A Southern European immigrant group, disembarking in America in huge numbers from the late 19th century to the early 20th, comes to be associated with what an 1876 New York Times editorial calls "A Natural Inclination Toward Criminality." No matter that crime remained the ultimate multiethnic, equal-opportunity business. As the perception grows, so-called native-born Americans also aren't sure the new immigrants are white.
A black man, convicted in 1922 of miscegenation in Alabama, gets off when an appeals court rules the prosecution failed to prove his Sicilian wife was Caucasian. In 1930s Hollywood, directors choose non-Italians - Romanian Jew Edward G. Robinson and Yiddish stage actor Paul Muni - to play fictional crime bosses such as Rico "Little Caesar" Bandello and Tony "Scarface" Camonte.
Forty years later, two classic '70s films - The Godfather and The Godfather: Part II - raise the link between Italians and crime, denounced by antidefamation protesters, to the level of American myth. Or so say many film and cultural critics.
In 1999, The Sopranos - the much-honored cable series that happens to return tonight - takes the same association for its theme, making high TV art of the traumas suffered by members of the immigrant group in adjusting to modern suburban life.
In the more than 100 years since Italians began arriving here in numbers: Two Supreme Court justices. One president of Harvard (Neil Rudenstine). One of Yale (A. Bartlett Giamatti). Painter Frank Stella. Architect Robert Venturi. Novelist Don DeLillo. Lots of big-time doctors, lawyers and other professionals. Pretty much no movies or TV series about them. Conclusion? Irrational stereotyping? Vicious bias? Reverent mythmaking? Selective realism? Collective insanity?

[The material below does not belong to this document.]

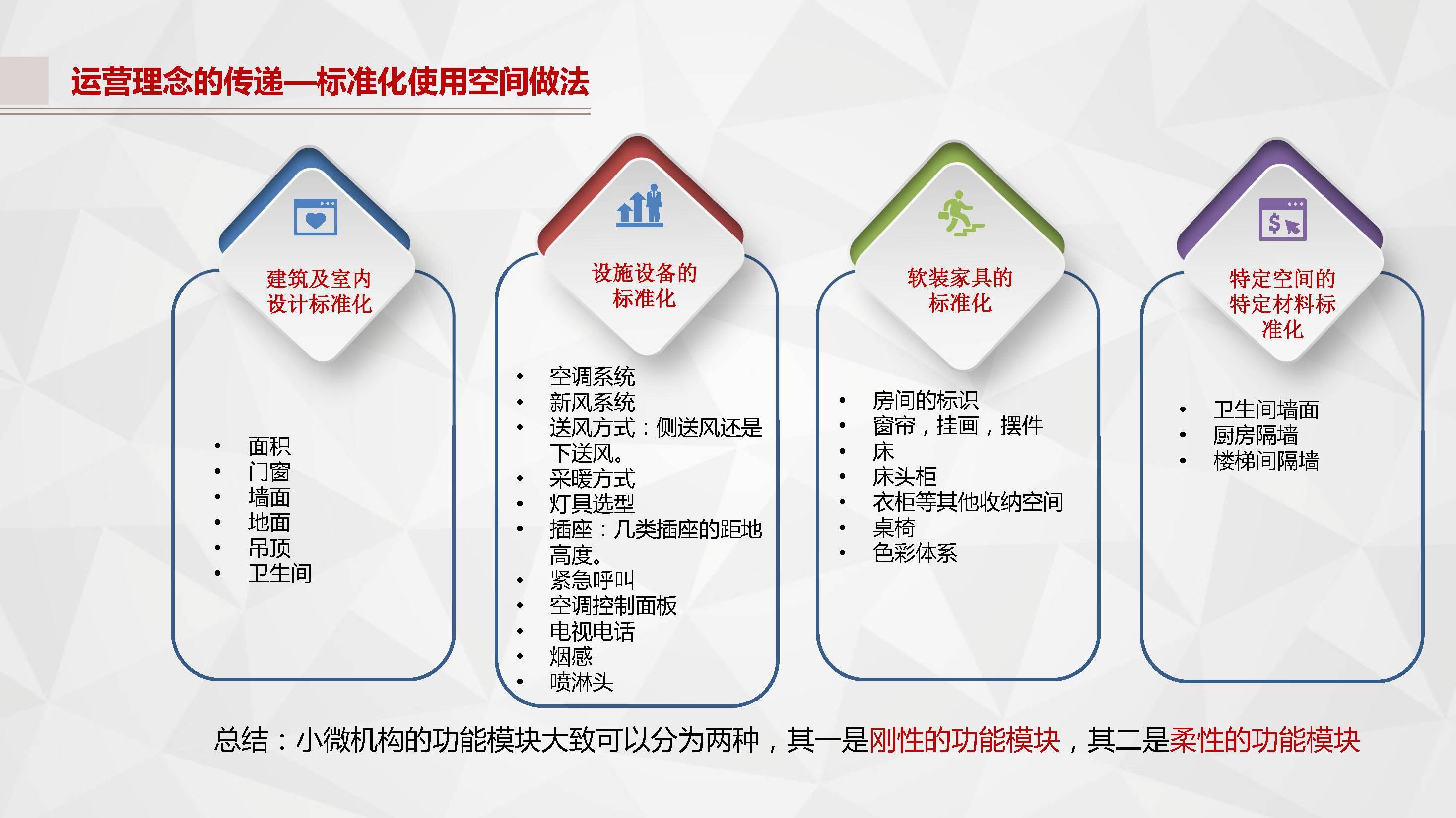 網(wǎng)絡(luò)上的照片“XX院滾出社區(qū)”,都是很殘酷的現(xiàn)實。還有建筑物建成年代,結(jié)構(gòu)形式,機電設(shè)備現(xiàn)狀,尤其需要提醒的是現(xiàn)狀消防設(shè)施能不能改,好不好改,消防不通過,其它都談不上。個性化的問題越多,標準化和可復制的實現(xiàn)程度就會受到越多的影響和掣肘。但是在目前大背景之下,對于養(yǎng)老服務(wù)供給的現(xiàn)實社會需求,資本的壓力,運營品牌的雄心,標準化和可復制又是必須面對的課題。

"The conventions and cliches of the Mafia myth," writes New York culture critic George De Stefano, "not only define a genre; they have to a large degree defined Italian Americans... . 'The Mafia' is now the paradigmatic pop-culture expression of Italian American ethnicity, despite the fact that gangsters never constituted more than a tiny percentage of the massive southern Italian immigration to America."
No argument, so let's shift to pop-cult mode: Leave the potboiler junk, take the De Stefano - a detailed, textured meditation on what it all means. De Stefano isn't an ethnocentric screamer about stereotyping of Italian Americans. Third generation, leftist and gay, the New York-based journalist grew up in working-class Bridgeport, Conn. He supports multiculturalism, and doesn't think Italians invented every implement of civilization from forks to statues. He's less badda-bing than yadda-ying in his cultural bent. That means his yeoman's precis of growing Italian American scholarship by writers such as Robert Orsi, Fred Gardaphe, and Richard Gambino profits from a clear framework.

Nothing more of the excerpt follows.